C'est un événement tragique qui a en effet choqué toute la communauté des Pères Blancs et leurs amis. Le Père Didier, d'ailleurs, le connaissait bien : " il venait de quitter Orange Farm pour fonder cette nouvelle paroisse de Diepsloot dans le nord-ouest de Johannesburg, avec le Père Guy Bourgeois. Tous les deux avaient été mes confrères ici à Orange Farm, et de tous ses projets nous en parlions beaucoup ensemble et on a tout un réseau d'amis, ici, en Afrique du Sud et en France. Au moment de son enterrement, il y a tous ses amis qui sont venus de Singapour, de Pékin, de Paris pour assister à l'enterrement, pour nous soutenir et nous montrer que ce réseau d'amitiés est toujours vivant. "

Si la violence fait partie de la vie à Soweto, ce genre d'incidents n'est tout de même pas chose commune : " Il y a certainement une insécurité et beaucoup disent avoir déjà été attaqués. Parmi nous, plusieurs ont déjà été attaqués pour des petits vols à main armée... Mais généralement, on se dit : " ne résistons pas et donnons-leur ce qu'ils veulent..." Et ils partent avec un petit peu d'argent ou quelques biens, trois fois rien... Malheureusement là, cela a tourné au drame. Ils ont été pris et la justice va suivre son cours mais qu'est ce que l'on peut dire, nous-mêmes ? ! Le Christ lui-même a dit : " Père, pardonnez leur..."
Malheureusement, ce sont des choses qui arrivent, ici, en Afrique du Sud ".

Mais malgré les incidents, les Missionnaire d'Afrique poursuivent leur action. Le soutien qui leur est manifesté est essentiel. " Cet événement, tragique nous a tous choqués et laissés sans voix, bien entendu, mais, le Père Blondel et nous autres, on a fait des choix, il y a longtemps, le choix de la lutte contre l'apartheid et maintenant, le choix de vivre avec les plus pauvres.

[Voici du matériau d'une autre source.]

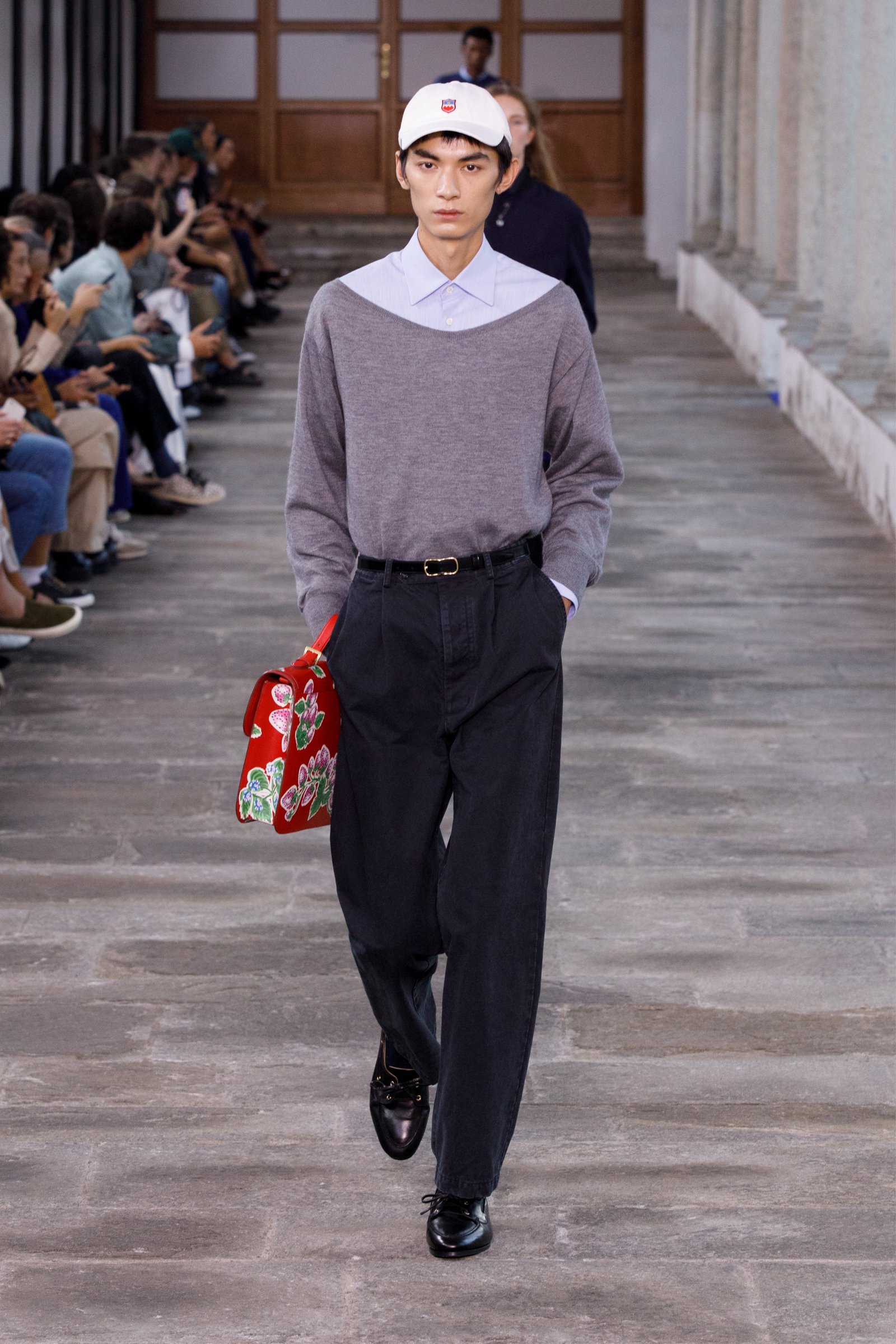 「バリー」のショー会場は、サン?シンプリチアーノ教会の庭園。新ディレクターのシモーネ?ベロッティは、ブランドのルーツであるスイスのアイデンティティにフォーカス。20世紀初頭に多くの文化人?知識人たちが集った南スイスのユートピア「モンテ?ウ?ェリタ(Monte Verità)」の精神に通じる、落ちついたエレガンスを提案した。モンテ?ウ?ェリタのコミュニティには、ヘルマン?ヘッセ(Hermann Hesse)やイサドラ?ダンカン(Isadora Duncan)などが参加し、様々な分野で文化的革命を起こした。コレクションにはスイスレッドやアルプスの植物のモチーフを取り入れる一方で、都会的なムードをミックス。人間の本質を映し出す二面性のコンセプトを反映した。

Si on est venu à Orange Farm, c'est que les gens n'avaient rien. Il fallait tout reconstruire avec eux, toute leur vie. Or Orange Farm est à 40 km de tous les centres importants, il y un chômage de 70 % de la population active.... On a donc fait le choix de vivre là, d'y porter le témoignage de l'Évangile et d'essayer avec eux d'améliorer leur vie et leurs conditions de vie.... On a offert, en même temps que les valeurs de l'Évangile, un regroupement en paroisses et en communautés chrétiennes, un choix de développement, un bureau pour la promotion des droits de l'homme, un centre de formation pour adultes pour qu'ils puissent acquérir des métiers et se débrouiller par eux-mêmes... C'est sûr, on est tous choqués et désarçonnés par ce qui est arrivé au Père Louis, mais on est entourés par des communautés chrétiennes qui ont montré un sens de l'amour et de la solidarité qui réchauffe le cœur et ça nous donne du courage pour continuer... "

Répandus aujourd'hui dans de nombreux pays africains, les Pères Missionnaires d'Afrique répondent à la triple exigence que leur a laissée Mgr Lavigerie, leur fondateur : " Vous parlerez la langue des gens, vous mangerez leur nourriture, vous porterez leur habit... "

(Le Père Didier Lemaire, missionnaire en Afrique du Sud, interrogé par Cyrielle Flosi.)